No Western modernity without (sonic) blackness and no blackness in the absence of modernity” —in a nutshell, this is the big idea in Alexander Weheliye’s new book, Phonographies: Grooves in Sonic Afro-Modernity.


Crucial to his project are a wide definition of “the sonic” within black cultural production and a belief in the centrality of aurality (and/or orality) to twentieth-century black culture.


Weheliye’s engagement with the sounds of black cultural production (sonic Afro-modernity) owes a significant debt to Fred Moten’s In the Break (2003), in which Moten privileges the sonic and aural within black performance and propounds a theory of black culture as inherently performative and black performance as inherently radical.

Weheliye departs from Moten in his meditation on the intrinsically technological nature of sonic Afro-Modernity.
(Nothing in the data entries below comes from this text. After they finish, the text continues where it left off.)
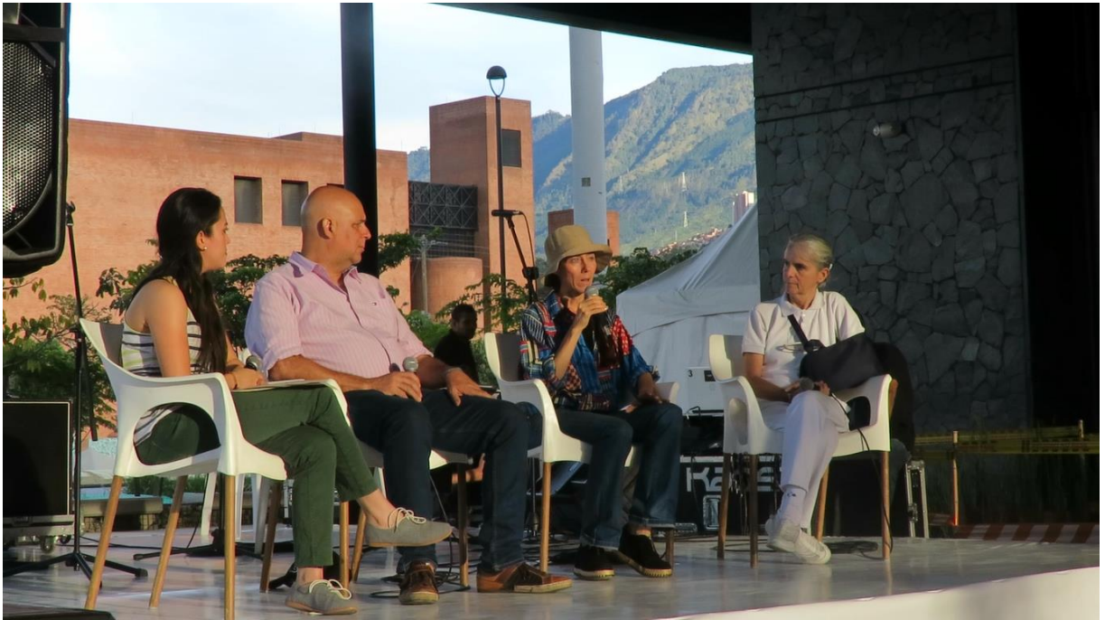
Imagen 6 Cultura Parque. Tomado de archivo de la JAC Conquistadores. 2019

Mis expectativas con este evento eran altas; por un lado, el eco que generó la noticia sobre la construcción de una mega obra como Parques del Río, en la ciudad de Medellín, fue tema nacional e internacional, por lo que quería visualizar y sentir ese eco desde la cercanía; por el otro, estuve enterada de que residentes del barrio Conquistadores, realizaron plantones, y demás expresiones de lucha en contra de la construcción de ese proyecto, por tanto tenía curiosidad por la manera en la que habían llegado a acuerdos (si los hubo) con la comunidad, más con la JAC que realizaba su evento en ese lugar.
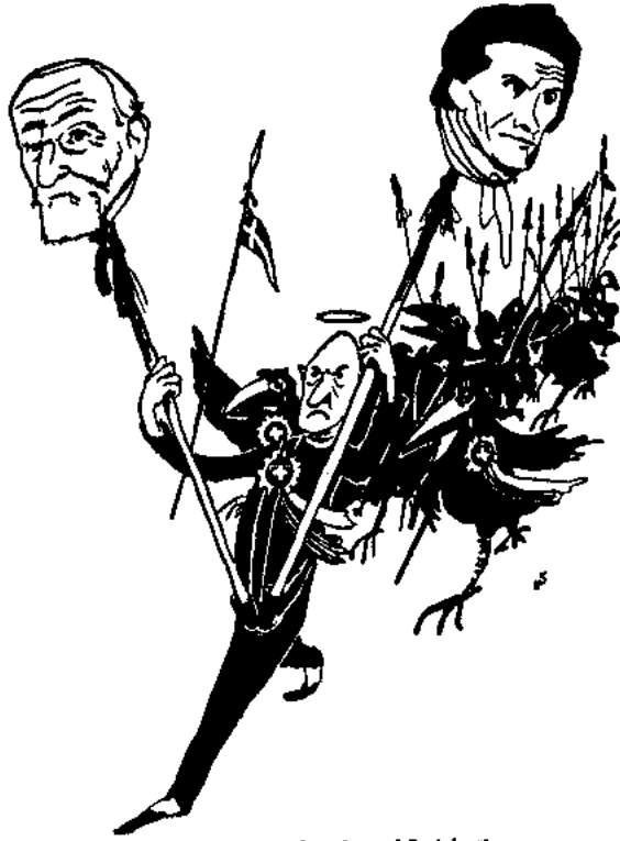
Etter «ehrt» Spitteler und Pestalozzi!

Heiri Strub: Etter «ehrt» Spitteler und Pestalozzi. In: Vorwärts, Nr. 61, 14. 3. 1946.
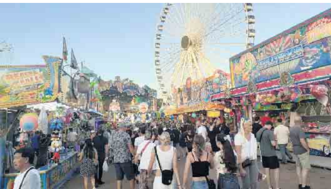
Wenn das Wetter mitspielt, werden an den fünf Kirmestagen wieder mehr als eine Million Besucher erwartet.

„Pützjens Maat is anjesaat“ heißt es jedes Jahr am zweiten Wochenende im September (12 bis 16. September) und immer wieder können sich die Besucher der beliebten Großkirmes auf Platzneuheiten, aber auch auf viele Jahrmarktsklassiker freuen. Längst haben die Vorbereitungen rund um das Marktgelände begonnen. Anfang August sind die Mitarbeitenden des Leistungszentrums Märkte der Bonner Stadtverwaltung vorübergehend in die Markthalle am Holzlarer Weg umgezogen. So sind die Wege zu den Marktwiesen kurz, denen derzeit ihr Hauptaugenmerk gilt, denn das beliebte Volksfest wird traditionell von der Stadt Bonn organisiert. Die Vermessung für den Aufbau der rund 170 Fahrgeschäfte und Kirmesbuden auf dem Hauptgelände und die Markierung der Stellplätze mit rund sechs Kubikmetern Sägespäne sind gemacht. Insgesamt werden auf der Veranstaltungsfläche von ca. 80.000 Quadratmetern
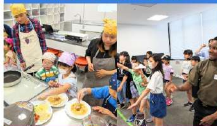
市内小学生対象の遊びを通じた国際理解・英語クラス。(全5回)
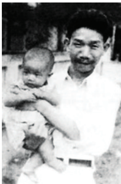
▲1944年，郁达夫怀抱儿子郁大亚在印度尼西亚苏门答腊留影

一九三七年七月二十四日，郭沫若在日本神户被捕，由日本警视厅秘密押解回国。在押解途中，郭沫若曾试图逃跑，但被日本警视厅发现并再次逮捕。郭沫若在日本期间，曾与日本警视厅的高级官员进行多次秘密接触，商讨了关于郭沫若回国的问题。日本警视厅最终决定，将郭沫若作为“文化人”而非“政治犯”处理，并为其回国提供了便利。这一事件引起了国内外的广泛关注和讨论。
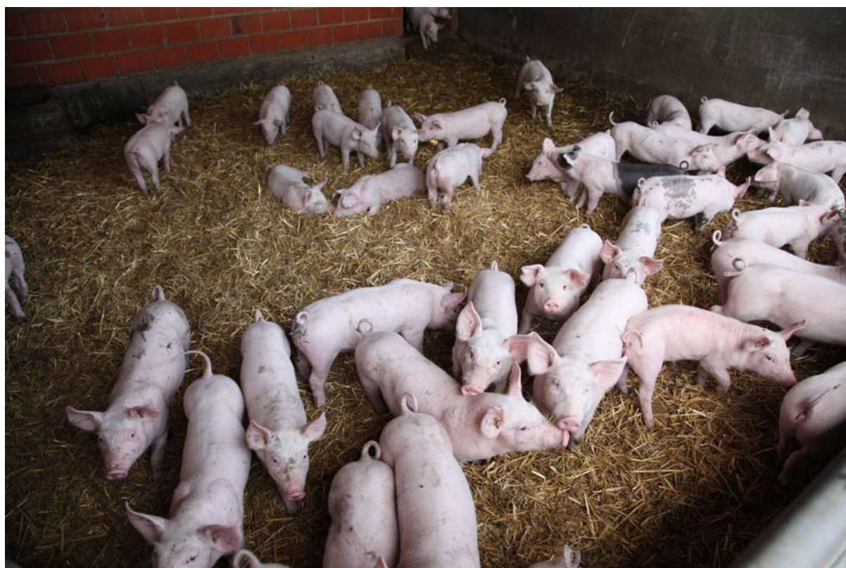
Une ferme française

http://www.europeanfarmersnetwork.org/files/efn/documents/case_studies_1_0.pdf
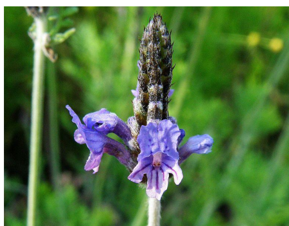
Obrázek 17: Lavandula multifida – květ

In the exciting introduction to this volume, Weheliye notes how the sound technologies and listening practices associated with black music have not received enough critical attention.


My interest was piqued when I read that Weheliye proposes to “establish a dialogue between literary texts and current popular culture to conjecture how sonic technologies and black cultural production have fruitfully contaminated each other”. This is a book about the agency of black cultural producers as practitioners and innovators of Western modernity.

This is also a book about the nonlinguistic power of sound, about the ability of sound to act as both “writing” (in the sense that it signifies in an abstract and systematic way) and something beyond “writing”—something more embodied and sensual.


In his first chapter, Weheliye posits the phonograph as a site where the ostensibly separate categories and writing and sounding were collapsed, thus challenging the prevailing Western discursive bias towards the visual and the written.

Weheliye approaches his subject matter from the perspective of a literary or cultural critic; that is, his ideas and theoretical stances mostly build off of his close readings of cultural texts. A benefit of this volume is Weheliye’s refreshingly eclectic choice of texts and their juxtapositions.


Weheliye not only positions readings of texts by canonical authors such as Du Bois and Ralph Ellison beside the practices of DJs and a recent Hollywood film, respectively, but he also structures his arguments to highlight the merits of reading these pieces of black cultural production in tandem.

Weheliye juxtaposes Du Bois’ The Souls of Black Folk with the artistic practices of DJs in Chapter Three. Just as DJs create rupture by fragmenting musical materials while forming new musical wholes through the juxtaposition and/or combination of erstwhile separate recordings, Du Bois’ text can be seen as one of the first “mixes” in twentieth-century black culture in its use of contrasting literary forms and modes, and its inclusion of fragments of spirituals in musical notation.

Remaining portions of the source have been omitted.